▶ **INSTRUCTIONS TO FOLLOW**
Every line of the records below from the line with "COMÉDIE RÉPERTOIRE CLASSIQUE" up to and including the line with "8月8日在振華南通重裝碼頭拍" must be reproduced exactly, and no line outside that range.

▶ **MATERIALS PROVIDED**
☆ ☆ ☆

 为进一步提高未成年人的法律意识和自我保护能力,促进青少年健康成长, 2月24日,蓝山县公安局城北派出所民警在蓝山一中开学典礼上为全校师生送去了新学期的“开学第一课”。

☆ ☆ ☆

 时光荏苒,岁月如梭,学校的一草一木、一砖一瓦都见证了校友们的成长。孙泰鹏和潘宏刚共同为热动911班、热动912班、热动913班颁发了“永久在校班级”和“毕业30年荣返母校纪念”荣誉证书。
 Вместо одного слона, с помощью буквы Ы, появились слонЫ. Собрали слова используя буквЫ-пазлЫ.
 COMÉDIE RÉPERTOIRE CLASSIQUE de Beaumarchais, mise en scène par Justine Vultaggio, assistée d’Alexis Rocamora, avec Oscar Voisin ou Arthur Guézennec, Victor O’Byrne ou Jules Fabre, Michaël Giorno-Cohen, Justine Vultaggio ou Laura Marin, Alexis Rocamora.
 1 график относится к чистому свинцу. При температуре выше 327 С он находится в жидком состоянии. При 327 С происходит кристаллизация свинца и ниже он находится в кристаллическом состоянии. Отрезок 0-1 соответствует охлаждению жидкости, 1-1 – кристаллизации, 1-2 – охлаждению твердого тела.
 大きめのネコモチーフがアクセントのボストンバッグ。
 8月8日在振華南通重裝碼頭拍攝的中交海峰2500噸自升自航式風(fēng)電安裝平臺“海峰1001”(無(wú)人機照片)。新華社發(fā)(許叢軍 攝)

☆ ☆ ☆

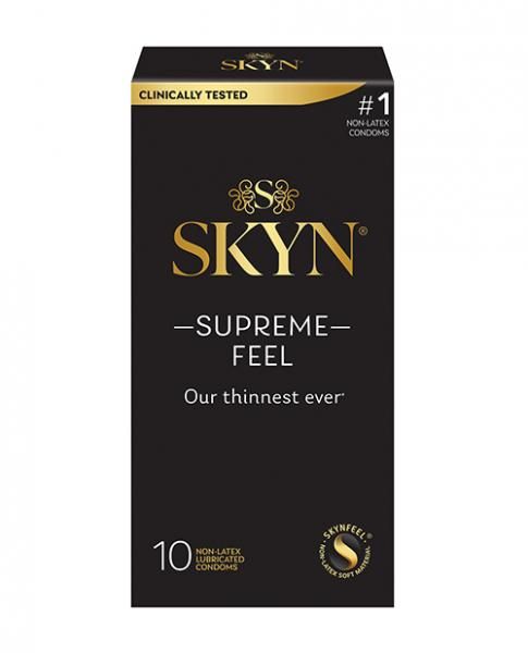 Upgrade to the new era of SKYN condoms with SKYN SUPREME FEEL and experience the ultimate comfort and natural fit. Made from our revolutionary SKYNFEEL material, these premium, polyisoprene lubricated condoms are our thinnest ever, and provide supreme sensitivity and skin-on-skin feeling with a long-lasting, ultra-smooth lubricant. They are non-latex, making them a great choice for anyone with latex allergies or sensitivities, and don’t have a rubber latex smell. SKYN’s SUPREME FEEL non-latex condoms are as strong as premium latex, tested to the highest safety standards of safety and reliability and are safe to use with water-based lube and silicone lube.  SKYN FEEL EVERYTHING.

☆ ☆ ☆

▶ **ANSWER BOX**
 COMÉDIE RÉPERTOIRE CLASSIQUE de Beaumarchais, mise en scène par Justine Vultaggio, assistée d’Alexis Rocamora, avec Oscar Voisin ou Arthur Guézennec, Victor O’Byrne ou Jules Fabre, Michaël Giorno-Cohen, Justine Vultaggio ou Laura Marin, Alexis Rocamora.
 1 график относится к чистому свинцу. При температуре выше 327 С он находится в жидком состоянии. При 327 С происходит кристаллизация свинца и ниже он находится в кристаллическом состоянии. Отрезок 0-1 соответствует охлаждению жидкости, 1-1 – кристаллизации, 1-2 – охлаждению твердого тела.
 大きめのネコモチーフがアクセントのボストンバッグ。
 8月8日在振華南通重裝碼頭拍攝的中交海峰2500噸自升自航式風(fēng)電安裝平臺“海峰1001”(無(wú)人機照片)。新華社發(fā)(許叢軍 攝)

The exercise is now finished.